I’m actually typing this from my mother’s laptop since my beloved laptop is dying. In lieu of flowers, please donate novels, notebooks, and stationary supplies.

Lame jokes aside, my laptop has begun showing the dreaded “blue screen of death.” The laptop had a good run, being in the family about five or six years. With all the technology leaps and bounds we’re making with computers and such nowadays, the laptop did pretty well. The laptop had actually been my older sister’s laptop, but once she got a new, smaller one that fit her computing lifestyle, I took it over. My first laptop still worked, but it was even older and needed a new battery. With its age, I figured might as well keep it as an emergency back-up and move on by taking over my sister’s laptop.

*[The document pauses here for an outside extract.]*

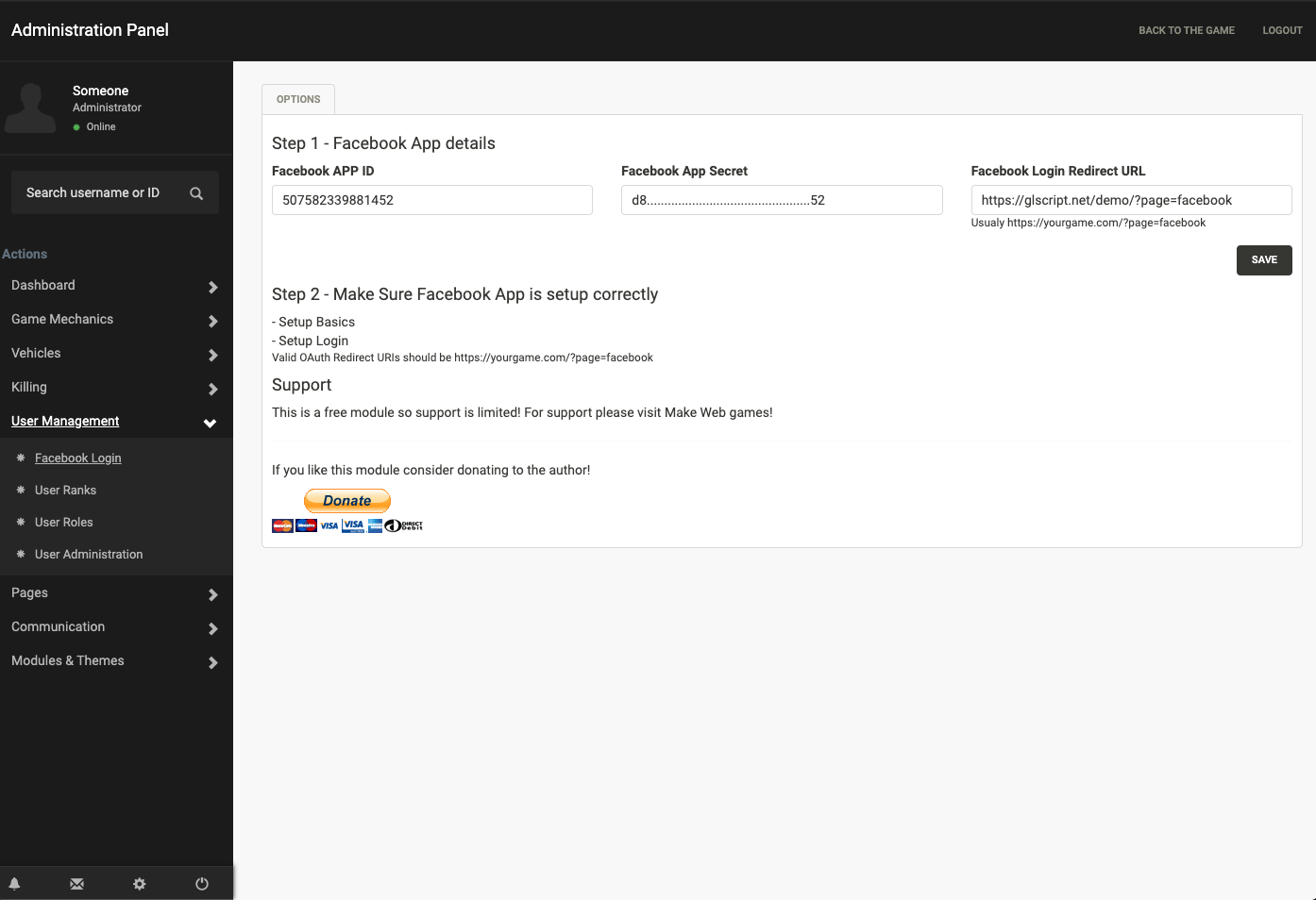 Ever wanted the ability to log into your game via facebook? If so this mod allows you and your users to do that!

I was seriously thinking of getting a new laptop soon anyway, but I was hesitating because my laptop was still in fine condition. Then the BSoD appeared more than once a couple of days ago and made my decision for me. Fortunately, the majority of my important documents and pictures are safe on my flash drive.

With that said, it’s so weird not to be writing regularly on my laptop. I had a good habit forming, working on my Camp NaNo project (which I’m now about 3 days behind), drafting up some blog posts, just writing every day. Now I feel lost without touching the keyboard for a day or two. I’ve been reading (got 2 out of the 3 books on my April list read!) and writing in notebooks (which is always fun and refreshing), but it’s still odd.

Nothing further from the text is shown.